Input data:
========

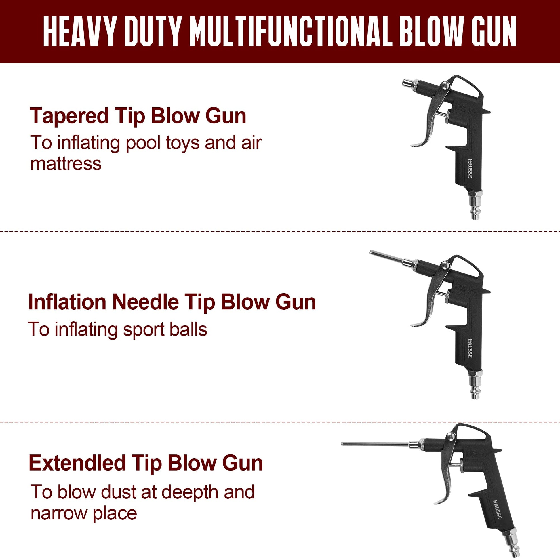 • Standard Blow Gun with Nozzles: All metal construction standard air blow gun with 1 nozzles and 2 inflation needles, all-purpose use for bicycles, air mattresses, balls, etc.
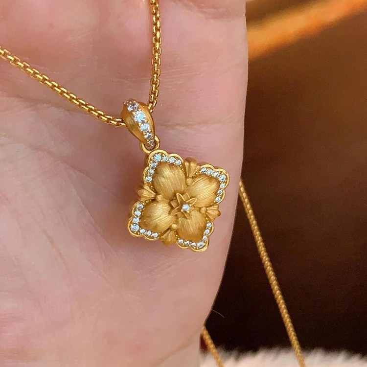 洗練された高級感の透かし彫りの四つ葉のクローバーのネックレス
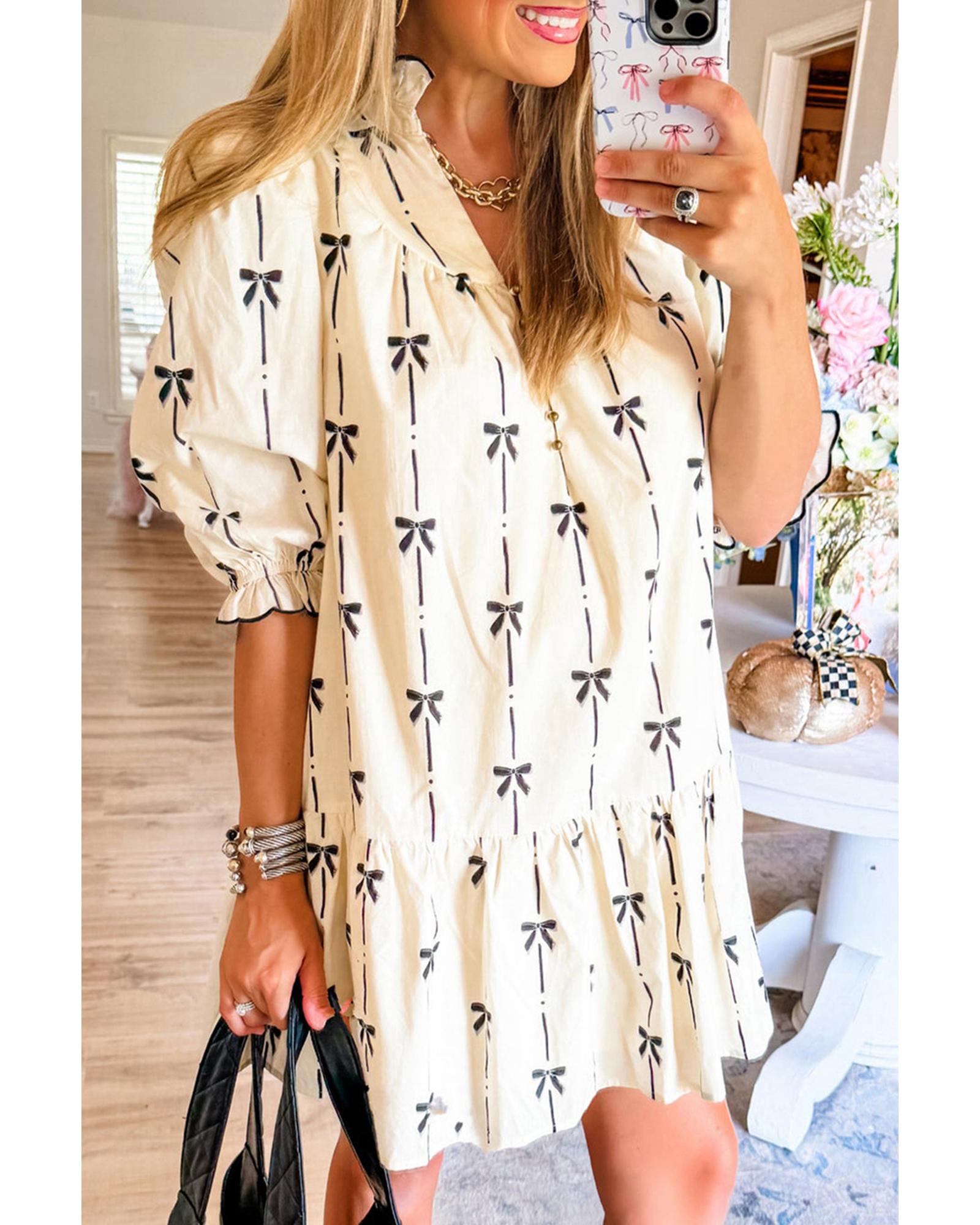 Beige Cute Bowknot Printed Bubble Sleeve V Neck Mini Dress – M

========

Print the material above once more, exactly, minus the pictures.

Solution to the problem:
 • Standard Blow Gun with Nozzles: All metal construction standard air blow gun with 1 nozzles and 2 inflation needles, all-purpose use for bicycles, air mattresses, balls, etc.
 洗練された高級感の透かし彫りの四つ葉のクローバーのネックレス
 Beige Cute Bowknot Printed Bubble Sleeve V Neck Mini Dress – M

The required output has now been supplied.